The duty to accommodate: The Supreme Court rules in favour of the employer
The Supreme Court of Canada has just ruled in the case of Hydro-Québec, unanimously reversing the decision rendered by the Court of Appeal of Québec in February 2006. In doing so, the Supreme Court upheld the dismissal of an employee as a result of excessive absenteeism due to an illness, after several unsuccessful attempts to accommodate her.
In this case, the plaintiff had held the position of Sales, Rates and Commercial Programs Clerk for approximately twenty-four (24) months at the time of her dismissal by Hydro-Québec. Suffering from mixed personality disorder with borderline and dependent character traits, the employee had been absent from work for extended periods of time on several occasions during the seven (7) years preceding her termination. As a result, the employer had proceeded to terminate the plaintiff's employment due to her high level of absenteeism and her inability to perform her work duties on a regular basis for the reasonably foreseeable future. In order to make this decision, the employer relied on the opinion of two (2) experts in psychiatry who believed that the plaintiff's work attendance would remain a problem in the future.
The Union contested the plaintiff's dismissal by way of a grievance and alleged that the employer did not fulfill its duty to accommodate.
The parties agreed that the plaintiff was suffering from a handicap, namely from a personality disorder resulting in episodes of depression and periods of absenteeism, sometimes for extended periods of time.
Pursuant to the Charter of Human Rights and Freedoms (Québec), an employer has an obligation to accommodate an employee suffering from a handicap, up to the point of undue or excessive hardship.

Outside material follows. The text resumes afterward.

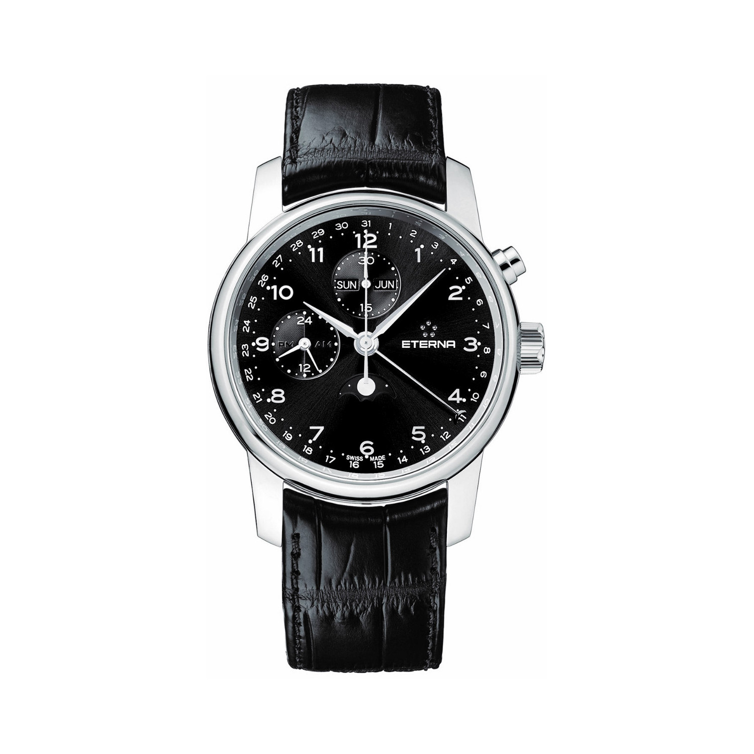 Sleek silver and black leather make the Eterna Men's Soleure Moon Phase Chronograph a modern twist on classic elegance. This handsome timepiece features a large stainless steel case and smooth round bezel, drawing the eye down towards the silver hour, minute, and seconds hands ticking on the silver dial. A large button on the right side of the case works the stopwatch function, shown on the dial by the topmost hand covered in dark blue. Two subdials near the nine and 12 o'clock hours feature the day, month, and military time, while a small blue shape above the six o'clock displays the various moon phases.

The arbitrator had initially rejected the grievance and the Superior Court of Québec had confirmed the decision of the arbitrator.
The Court of Appeal, while recognizing that the employer had demonstrated much patience and remarkable tolerance towards the plaintiff, nonetheless concluded that Hydro-Québec failed to establish that it had considered all reasonably possible accommodation measures when it terminated the plaintiff's employment. The Court of Appeal held that Hydro-Québec could have created a part-time position for the plaintiff, as had been suggested by her treating physician at the time of her dismissal.

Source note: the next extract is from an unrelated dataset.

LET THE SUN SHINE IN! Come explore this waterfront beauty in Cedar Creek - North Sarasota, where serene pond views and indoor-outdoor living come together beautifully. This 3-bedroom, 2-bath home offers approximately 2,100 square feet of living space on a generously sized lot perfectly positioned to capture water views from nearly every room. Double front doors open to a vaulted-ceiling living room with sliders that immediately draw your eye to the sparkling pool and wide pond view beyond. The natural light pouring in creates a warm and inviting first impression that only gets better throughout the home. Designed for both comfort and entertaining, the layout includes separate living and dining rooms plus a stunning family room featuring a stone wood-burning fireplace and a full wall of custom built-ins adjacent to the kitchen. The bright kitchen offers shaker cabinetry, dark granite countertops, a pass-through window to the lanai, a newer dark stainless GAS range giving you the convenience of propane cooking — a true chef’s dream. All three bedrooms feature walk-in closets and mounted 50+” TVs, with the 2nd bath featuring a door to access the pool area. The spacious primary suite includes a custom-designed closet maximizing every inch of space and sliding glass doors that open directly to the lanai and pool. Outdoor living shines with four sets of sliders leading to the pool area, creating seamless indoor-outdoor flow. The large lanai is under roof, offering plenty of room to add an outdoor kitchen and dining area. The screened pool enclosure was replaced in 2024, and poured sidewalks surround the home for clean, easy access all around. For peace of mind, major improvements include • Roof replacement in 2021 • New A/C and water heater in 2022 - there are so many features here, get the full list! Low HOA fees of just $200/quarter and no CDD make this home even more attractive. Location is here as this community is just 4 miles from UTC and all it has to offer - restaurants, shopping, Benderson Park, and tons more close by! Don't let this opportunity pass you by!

The Supreme Court, however, reversed this decision by indicating that the standard formulated by the Court of Appeal to evaluate undue hardship was erroneous. According to the Supreme Court, if the characteristics of an illness affect the proper operation of a business in an excessive way or if the employee with such an illness remains unable to work for the reasonably foreseeable future, even though the employer has tried to accommodate him, the employer will be deemed to have fulfilled its obligation to accommodate. Moreover, the Supreme Court concluded that the duty to accommodate ceases when the fundamental obligations of the employment relationship cannot be fulfilled by the employee in the foreseeable future.

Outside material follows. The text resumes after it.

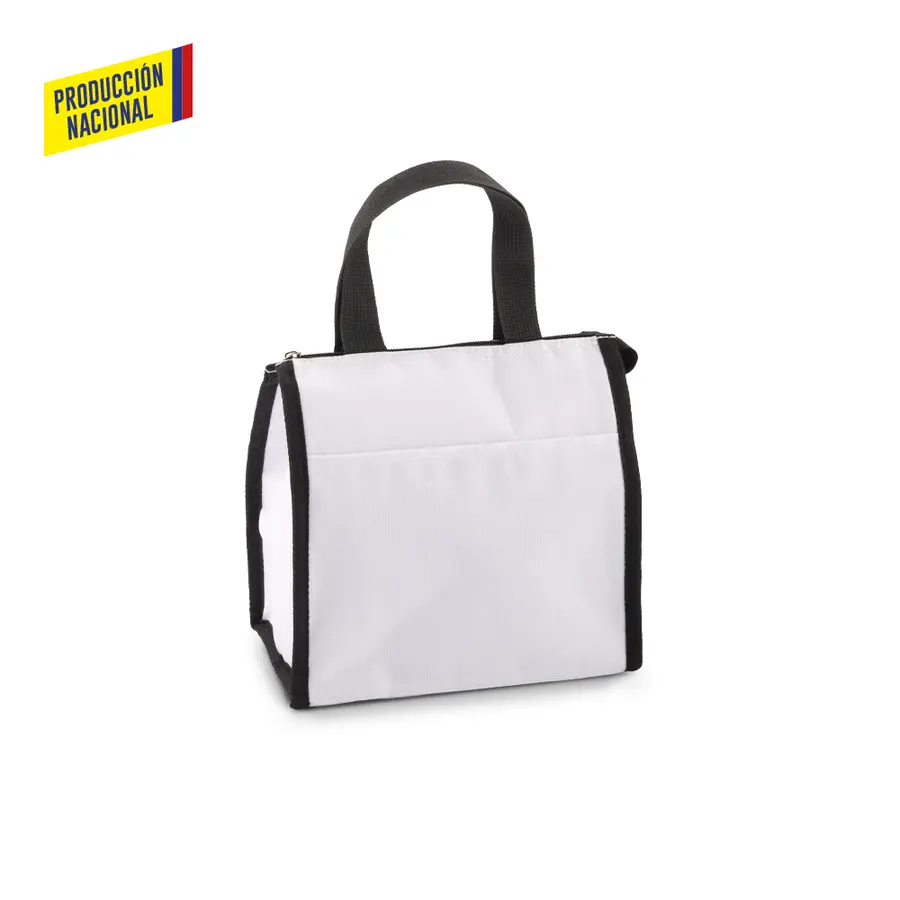 Nevera en poliéster con cierre en cremallera. Un bolsillo externo sin cierre.

The Supreme Court also affirmed that the Court of Appeal mistakenly concluded that the duty to accommodate should be assessed at the time that the decision to terminate the plaintiff was made. Rather, the Supreme Court declared that in order to determine if an employer successfully demonstrated an undue hardship, a global evaluation of the accommodation measures should be performed that takes into account the entire period during which the employee was absent. Therefore, the measures taken in the past to attempt to accommodate the plaintiff are relevant in order to determine if the employer has fulfilled its obligation to accommodate.
This decision is good news for employers faced with situations of excessive absenteeism from its employees due to a physical or psychological handicap as it imposes some limits on an employer's duty to accommodate.